DATASET CONTENT: Begin

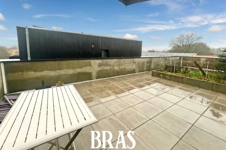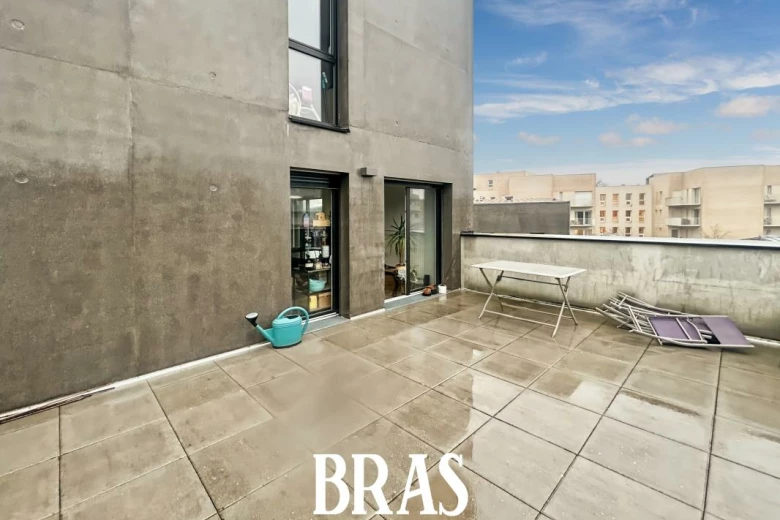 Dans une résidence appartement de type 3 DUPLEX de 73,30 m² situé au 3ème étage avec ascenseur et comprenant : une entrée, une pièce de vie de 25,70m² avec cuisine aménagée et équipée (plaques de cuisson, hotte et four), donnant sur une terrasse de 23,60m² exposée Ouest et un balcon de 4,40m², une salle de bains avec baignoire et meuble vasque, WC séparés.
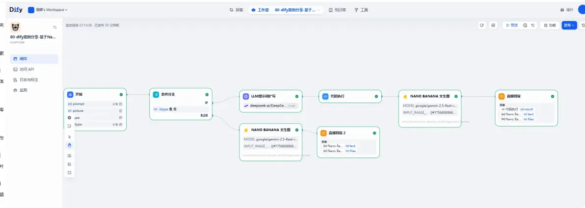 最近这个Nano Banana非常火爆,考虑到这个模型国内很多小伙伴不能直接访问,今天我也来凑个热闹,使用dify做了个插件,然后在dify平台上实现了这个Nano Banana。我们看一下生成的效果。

DATASET CONTENT: End
DATASET CONTENT: Begin

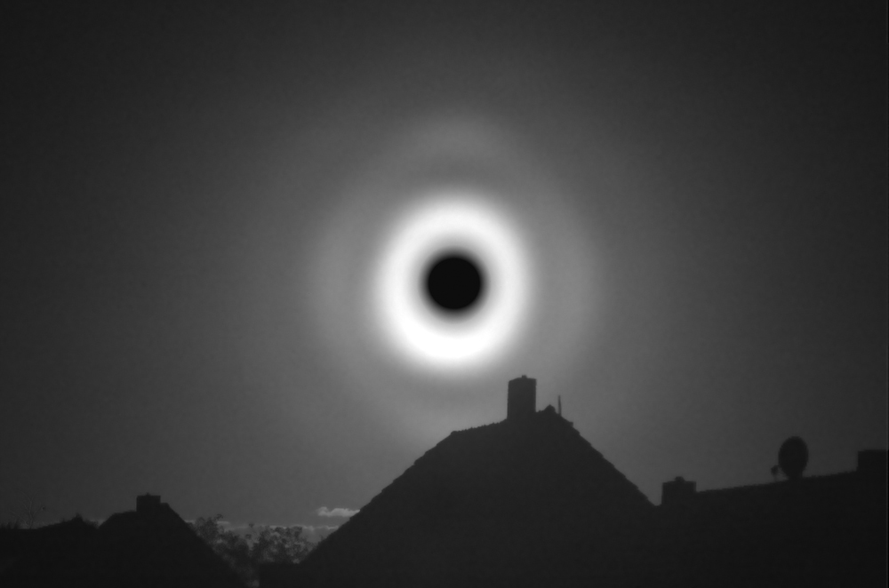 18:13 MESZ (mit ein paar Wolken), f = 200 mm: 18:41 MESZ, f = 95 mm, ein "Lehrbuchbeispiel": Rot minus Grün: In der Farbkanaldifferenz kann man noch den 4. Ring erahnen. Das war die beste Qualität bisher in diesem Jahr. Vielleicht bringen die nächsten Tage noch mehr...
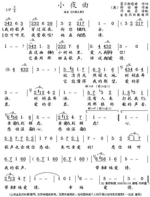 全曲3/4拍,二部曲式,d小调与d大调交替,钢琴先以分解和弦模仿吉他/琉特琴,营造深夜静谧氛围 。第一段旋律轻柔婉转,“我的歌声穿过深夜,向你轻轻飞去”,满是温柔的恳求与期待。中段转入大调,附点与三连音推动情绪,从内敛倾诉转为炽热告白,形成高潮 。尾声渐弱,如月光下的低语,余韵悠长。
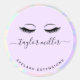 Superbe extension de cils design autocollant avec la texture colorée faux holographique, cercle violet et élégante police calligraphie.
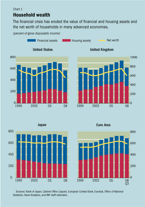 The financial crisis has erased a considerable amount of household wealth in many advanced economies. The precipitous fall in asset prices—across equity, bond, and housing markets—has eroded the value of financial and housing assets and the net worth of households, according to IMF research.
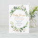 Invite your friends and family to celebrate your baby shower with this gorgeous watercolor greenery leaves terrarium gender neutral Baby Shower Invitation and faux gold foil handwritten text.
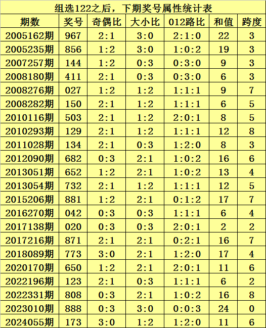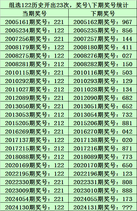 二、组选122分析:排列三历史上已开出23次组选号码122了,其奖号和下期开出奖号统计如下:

DATASET CONTENT: End
DATASET CONTENT: Begin

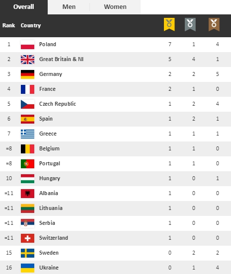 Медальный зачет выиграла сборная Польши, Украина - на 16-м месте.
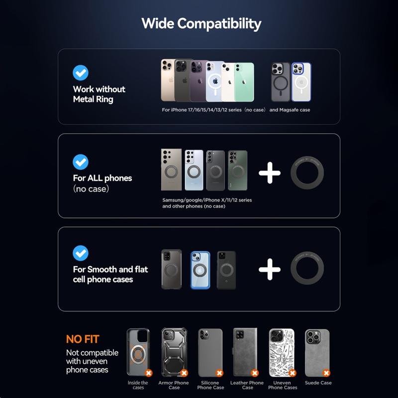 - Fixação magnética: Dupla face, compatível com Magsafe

DATASET CONTENT: End

### PROBLEM DESCRIPTION
Between and including the line with "Invite your friends" and the line with "二、组选122分析:排列三历", repeat every line exactly as it appears above, with pictures left out.

### SOLUTION BELOW
 Invite your friends and family to celebrate your baby shower with this gorgeous watercolor greenery leaves terrarium gender neutral Baby Shower Invitation and faux gold foil handwritten text.
 二、组选122分析:排列三历史上已开出23次组选号码122了,其奖号和下期开出奖号统计如下:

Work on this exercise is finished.